As he spoke, Miss James had risen to her feet, and now stood before him, her face blanched and haggard, her eyes glowing dark and angry, her breath coming quick and short; her arms hung straight down by her sides, the loose gloves falling about the thin wrists and leaving bare the slender arms; the feather fan lay unheeded at her feet.
"Why do you ask me, Count Mellikoff?" she cried, in a strained, harsh voice, her eyes never leaving his face. "Why do you ask me to help you to track a woman, to hunt a fugitive, a poor, wretched, heart-broken fugitive, no doubt flying for her life from your cruel country and its cruel laws? What do you see in me that makes you think I will lend myself to your mad schemes? What am I that you should so count upon my co-operation?"

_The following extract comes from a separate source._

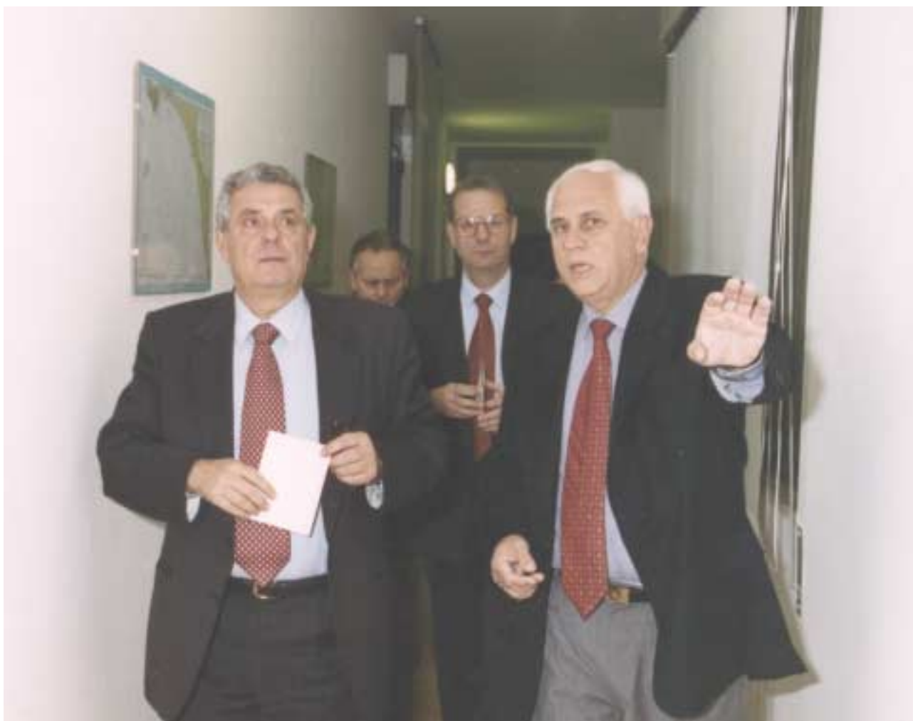
Il presidente della Cooperate illustra la struttura.

She stopped, and Vladimir, who had also risen and stood facing her, cool and unmoved, bent down and, lifting up the marquise fan, handed it to her with a bow before he replied. When he spoke his voice was keen and sharp, his words cutting and cruel.
"What do I see in you, mademoiselle? Nay, let me rather answer your question by a line from an English poet:
'I see—a woman scorned——'
How does the couplet end?"
But Miss James made him no reply, her hands closed vehemently on the fan she held; under their pressure the frail pearl sticks snapped in two and fell apart. She looked at him fixedly; the crimson blood had rushed in a torrent to her face, and the red stain lingered there. Suddenly she faltered, trembled, swayed a little, and sinking down upon the low causeuse, covered her face with her hands and burst into long-drawn sobs and tears.
It was late that night before Miss James sought her own room; as she passed out of the drawing-room Count Vladimir held back the heavy portières with respectful attention, bending his head in salutation as she went by him.
Behind her, on the velvet carpet, lay the strewn petals of a golden-hued rose, about whose torn beauty a subtle fragrance still lingered, and the broken pearl sticks of a marquise feather fan.